La escuchó reírse mientras él subía las escaleras hasta su dormitorio en la primera planta. Allí se encontraban los dos dormitorios con baños privados cada uno, quedando un último cuarto disponible en la planta baja, junto al salón. Como ese le usaba de trastero y no tenía baño, le había dado a Valeria el de arriba, junto al suyo. No había sido buena idea, estaba claro.

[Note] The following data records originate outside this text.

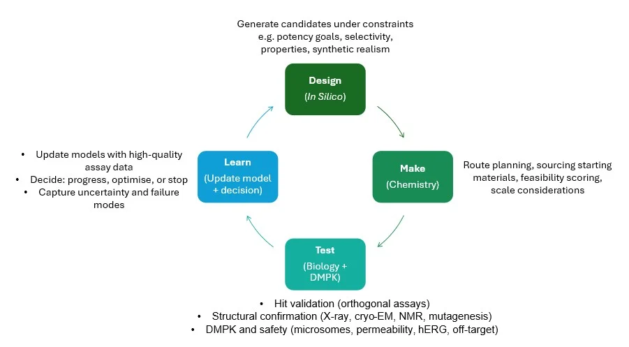 Figure 3 – Closed-loop discovery in practice: Design, Make, Test, Learn. Models propose and prioritise candidates, chemistry and biology generate real measurements, and structured results feed back into the next iteration. This loop is how AI increases speed and breadth without replacing the experimental checks needed to keep programmes grounded in biology.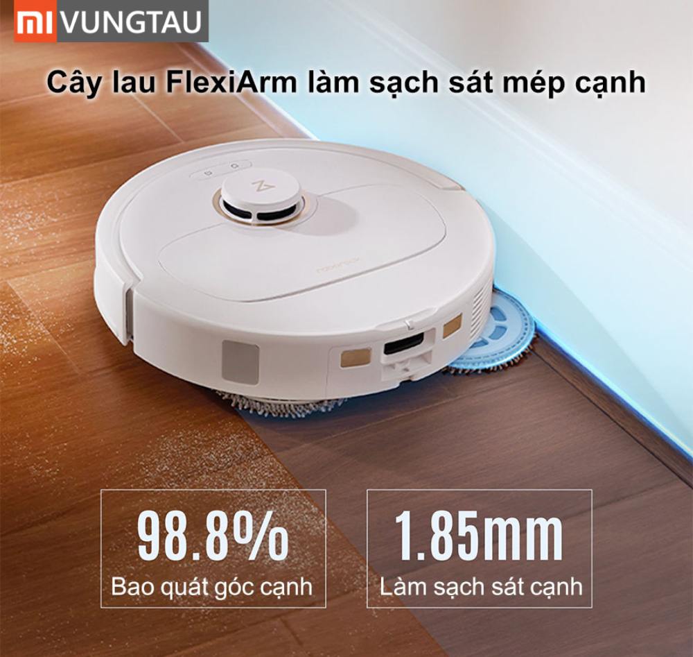 Roborock Qrevo C Pro thiết kế cây lau thông minh FlexiArm có thể tự động mở rộng khi robot phát hiện các cạnh tường, góc khuất hay khu vực quanh chân đồ nội thất. Nhờ đó, những vị trí khó tiếp cận thường bị bỏ sót sẽ được làm sạch kỹ càng, mang lại sự hoàn thiện cho toàn bộ không gian.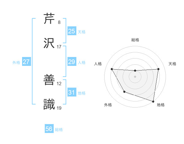 芹沢 善識さんを姓名の画数から五運を鑑定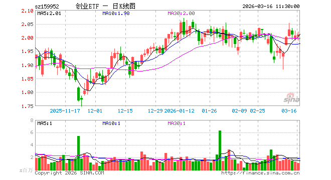3月16日,截止午间收盘,创业板ETF广发(159952)涨0.15%,报2.009元,成交额2.13亿元。创业板ETF广发(159952)重仓股方面,宁德时代截止午盘涨2.74%,中际旭创涨0.95%,新易盛涨1.01%,东方财富跌0.05%,阳光电源跌1.07%,胜宏科技跌0.95%,汇川技术跌2.05%,迈瑞医疗跌0.88%,温氏股份涨0.69%,天孚通信跌6.57%。
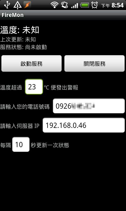 本 App 會透過 TCP/IP 讀取 FLAG-1605A 實驗版偵測到的溫度, 當溫度過高時手機會振動並發出警報。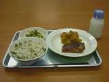 今日の給食は、磯おこわ、焼きししゃも、けんちん汁、牛乳です。 今日は、お米の様々...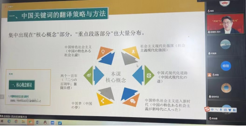 在具体示范课环节,毋育新教授首先明确了《汉日翻译教程》的思政目标和翻译目标。然后以第一、二单元为例,分别从核心概念解读、关键语句理解与翻译、重点段落分析与翻译等对教材内容进行了细致梳理,运用大量具有时代特征的实例讲解了翻译策略与教学方法。毋育新教授结合开云体育 教改班的翻译教学实践提出了几点建议,即:重视词汇翻译、重视模仿和记忆、灵活调节教授内容等。在最后的提问环节,毋育新教授就各校师生的提问做了细致耐心的回答,收到了在线师生的热情回应。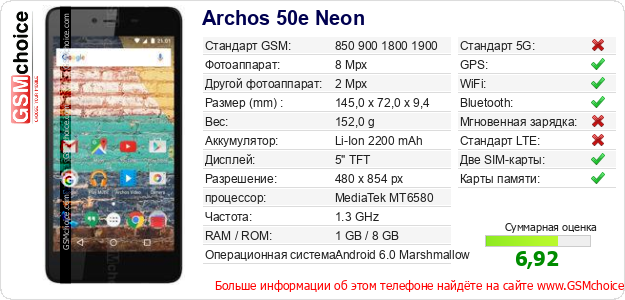 Данные о телефоне Archos 50e Neon на Вашем сайте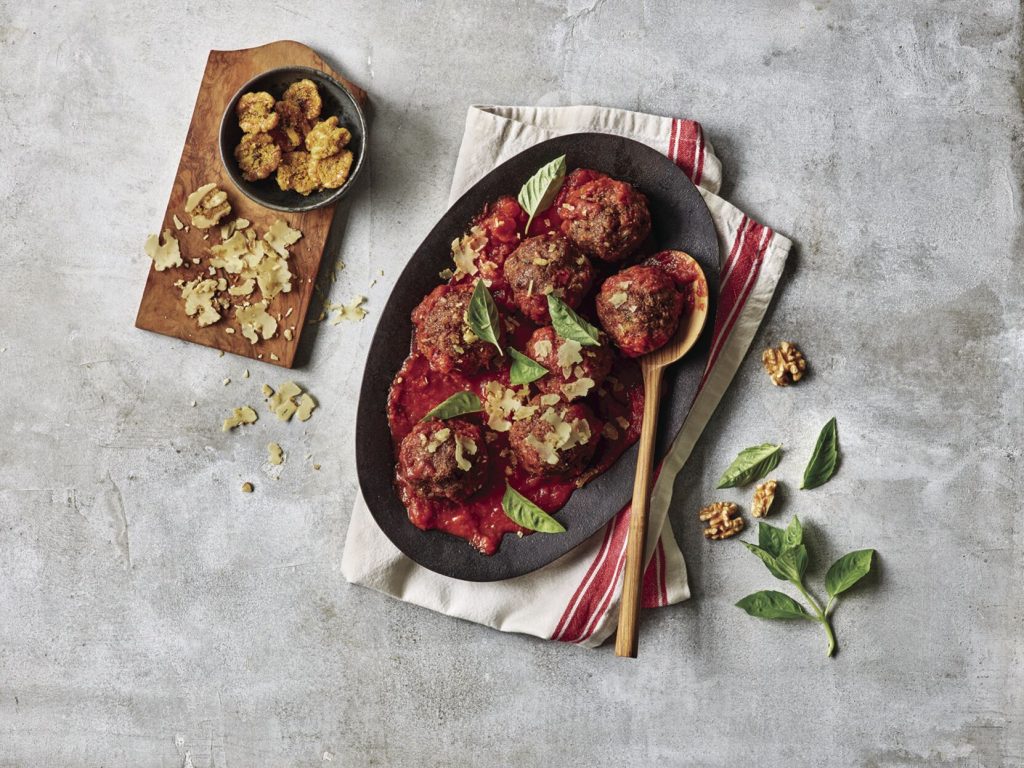 Try walnuts as an alternative to meat in recipes like Walnut Meatless Meatballs or Pizza with Plant-Based Walnut Crumble, and find more plant-forward recipes at walnuts.org/plantrecipes.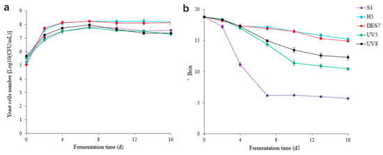 The yeast cell dynamics during the fermentation process are shown in Figure 4a, while the °Brix change is shown in Figure 4b. As shown in Figure 4a, the yeasts continued to proliferate as the fermentation progressed, reaching their maximum count at 7 d and maintaining high cell viability until the end of the process. The °Brix value results showed that neither strain H5 nor the three mutants could fully utilize the sugar content in grape must.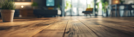 polished wooden floor of thin boards in interior of house, created with generative ai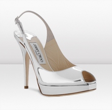 Bei Butyk.de ist die Auswahl von Hochzeitsschuhen auch nicht besonders groß, aber das wird sich ganz sicher in der nächsten Saison ändern. Aber wen wir uns die Kollektion vom Designer Jimmy Choo ansehen, so zeigt dieser ganz besonders interessante Alternativen zu den klassischem weißen Hochzeitsschuhen. Ein ganz großer Hit sind vor allem Schuhe in der Farbe Silber. Hier ein Beispiel von Jimmy Choo, silberne Hochzeit Pumps mit der modischen open toe Schuhspitze: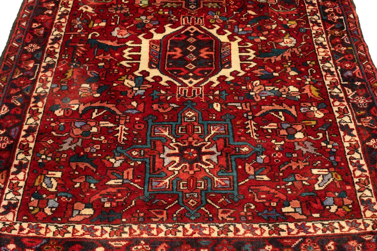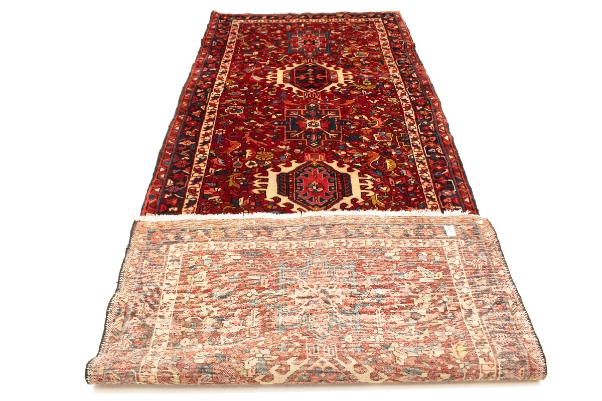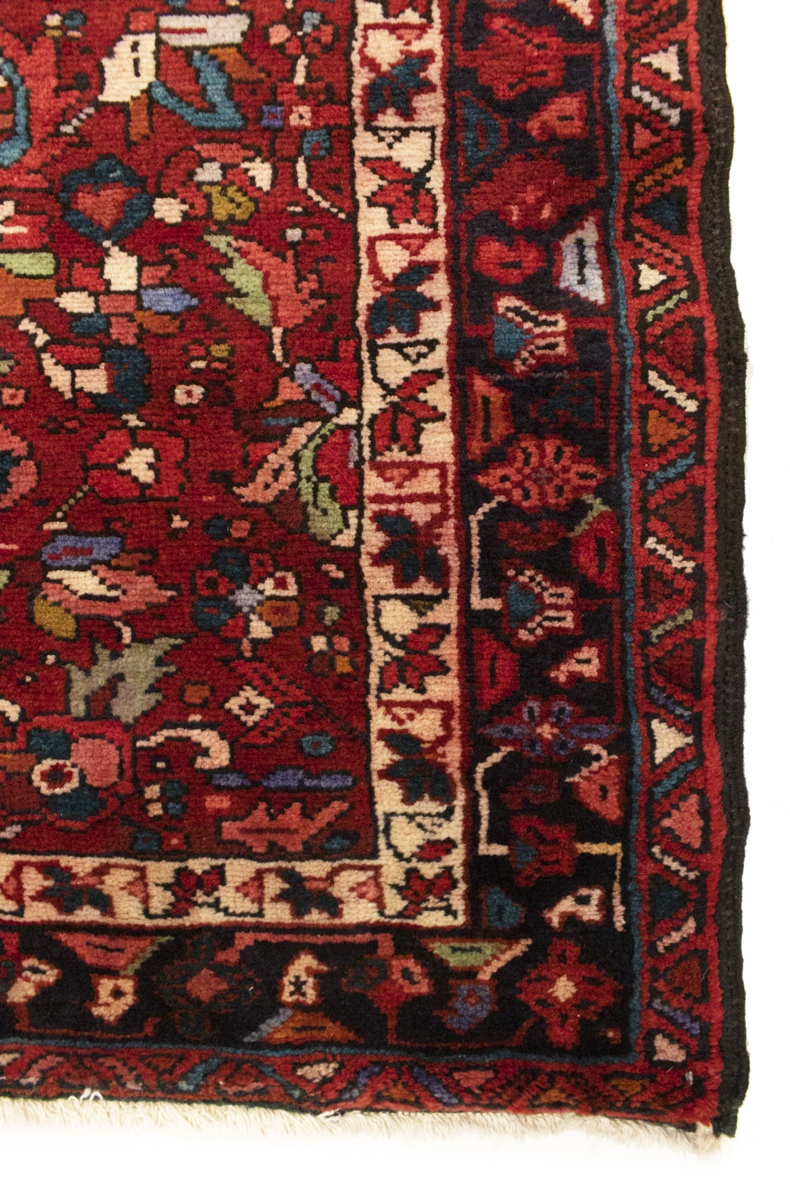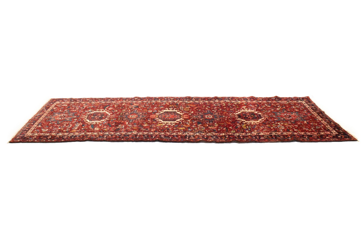 Handmade semi antique 4X11 red Persian runner made with vegetable dyes (fine wool pile and cotton foundation), superior knot count, and alluring ancient designs. This Oriental runner never will go out of style and would be among your most valuable treasures.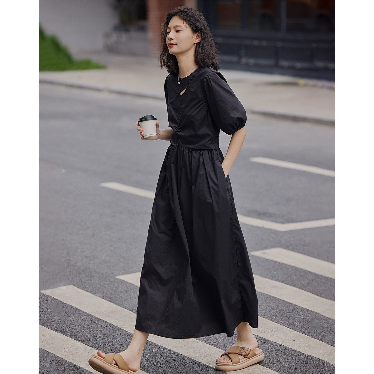 【泡泡袖连衣裙】夏款薄荷曼波色娃娃衫不对称茶歇系中袖连衣裙女 242754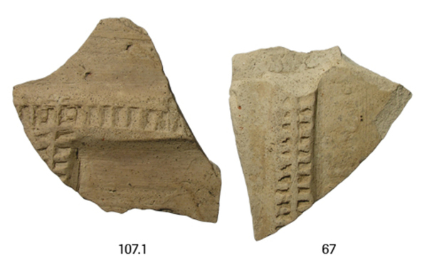 | 5c decoratie | opgelegde kleistrips met radstempel |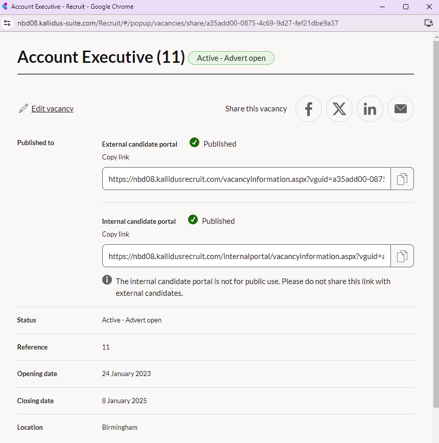 This article aims to offer guidance on what controls visibility of vacancies on the Kallidus candidate portal. The options described will also typically affect whether or not your roles are included in feeds to job boards etc. as well.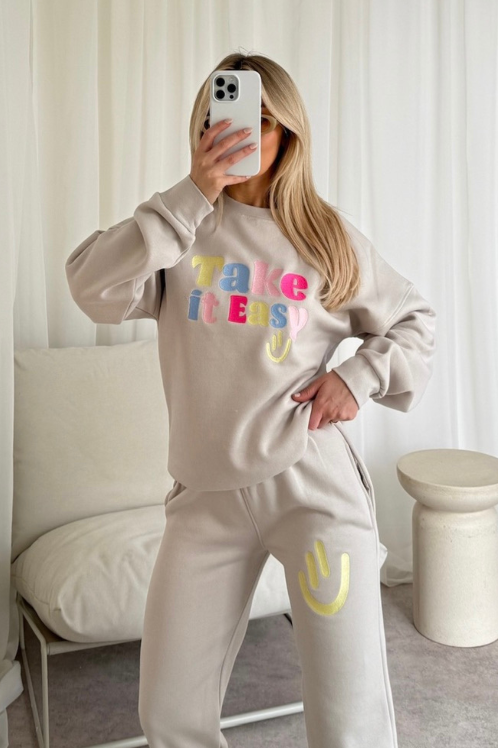Introducing our new hoodie set 'Take it easy' , the set consists of a stunning hoodie that has concealed pockets and dropped shoulders with our in house print design on the chest. This also comes with a matching pair of drawstring joggers. Style with fresh trainers for a complete look.

Entró en su cuarto y se aseguró de cerrar la puerta antes de desvestirse. Estaba ligeramente enfadado, más consigo mismo que con ella, por no ser capaz de tomarse el tema más a la ligera y no avergonzarse constantemente cuando parecía que su actitud solo conseguía fomentar sus bromas. Entró en la ducha y sintió el alivio del agua tibia cayendo sobre sus cansados y sudorosos músculos.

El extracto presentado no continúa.